Longmay Group
- Company type: State Owned Enterprise
- Industry: Coal mining
- Founded: 1917
- Headquarters: Harbin, Heilongjiang, China
- Number of employees: 248,000 (as of 2014)
- Parent: Chinese Government
- Website: www.longmay.com.cn

= Heilongjiang Longmay Mining Holding Group Co., Ltd. =

Heilongjiang Longmay Mining Holding Group Co., Ltd. is a state owned enterprise in China.

==Company==
The company founded in 1917 is the largest coal miner in northeast China, an employer in Heilongjiang with 248,000 employees as of March 2014.

== Mining explosion ==
It was involved in a mining accident on November 21, 2009 near Hegang in Heilongjiang province, northeastern China, known as the 2009 Heilongjiang mine explosion.

==Restructuring and worker protests==
Chinese Communist Party general secretary Xi Jinping ordered economic reforms in 2016 with plans to cut employment in the coal mining industry. Longmay was the subject of the protests and marches relating to delayed payments of workers, some of which who claimed in March 2016 they haven't been paid since October 2015. Longmay has announced it plans to lay off up to 100,000 workers.
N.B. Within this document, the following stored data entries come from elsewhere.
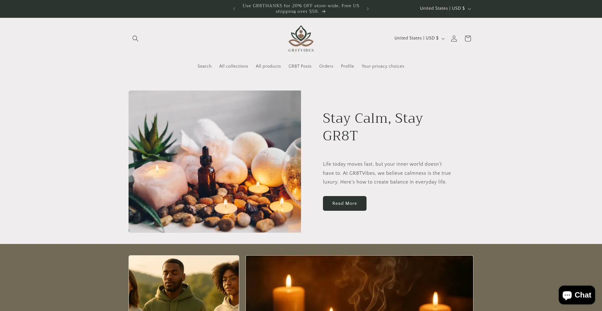 “GR8TVibes offers premium candles, incense, apparel, and lifestyle goods designed to bring calm, luxury, and positive energy into your everyday rituals.”
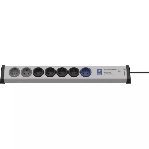 Műszaki adatok: Alkalmazás helye: Beltér · Anyag: Műanyag · Bekapcsolási küszöb: 7-100 W · Csatlakozási teljesítmény: 3600 W · Dugaljak száma: 7 · Gyártói szín: Szürke, Fekete · Hálózati csatlakozó típus: Védőérintkezős · Hálózati elosztó jellemzők: Master-Slave funkció, Túlfeszültség elleni védelem · Kábel típus DIN/VDE szerint: H05VV-F 3G 1,5 mm² · Kábelhossz: 1.50 m · Levezető áram: 6.5 kA · Méret, hossz: 590 mm · Méret, magasság: 47 mm · Méret, szélesség: 74 mm · Működés jelző: Optikai, Akusztikus · További műszaki adatok: Miniatűr biztosíték: T6.3AH / 250 V
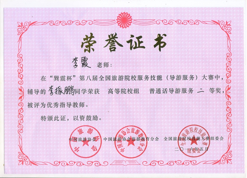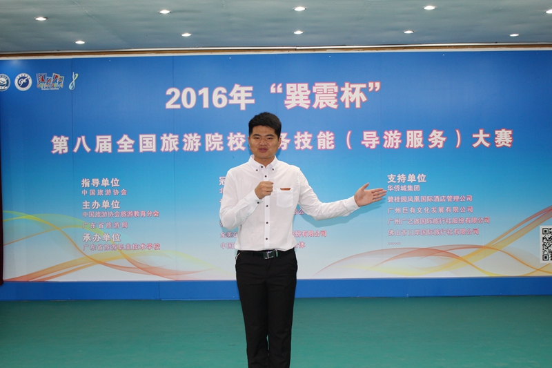 本网讯 5月15日,在刚刚结束的中国旅游协会旅游教育分会和广东省旅游局联合主办的“巽震杯”第八届全国旅游院校服务技能(导游服务)大赛中,由我院林学系李霞老师指导的旅游管理1408班李振鹏同学荣获“高等院校组普通话导游服务”二等奖。
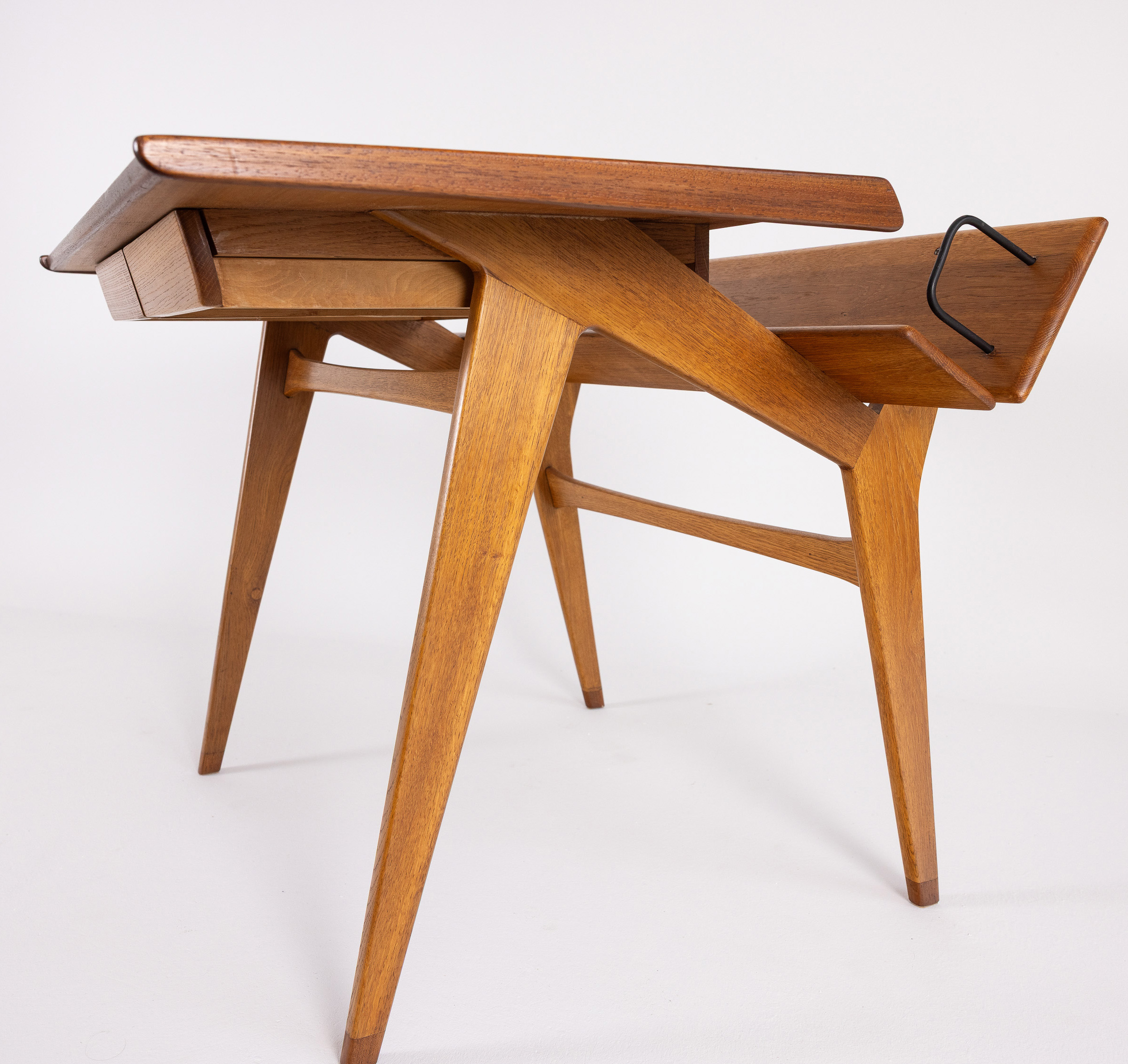Schreibtisch von Marcel Gascoin, Teak/ Eiche

Initially the Governor of Heilongjiang province Lu Hao said at a press conference at the 2016 National People's Congress: "Longmay has 80,000 workers down mines, and today, not one has not been paid monthly wages and their income hasn't fallen a penny." A week later Lu later reversed this statement and said he knowingly misstated the facts. "I had known that the aboveground workers had wages in arrears, but it's also true that the down shafts are also in arrears, and I spoke wrongly about that."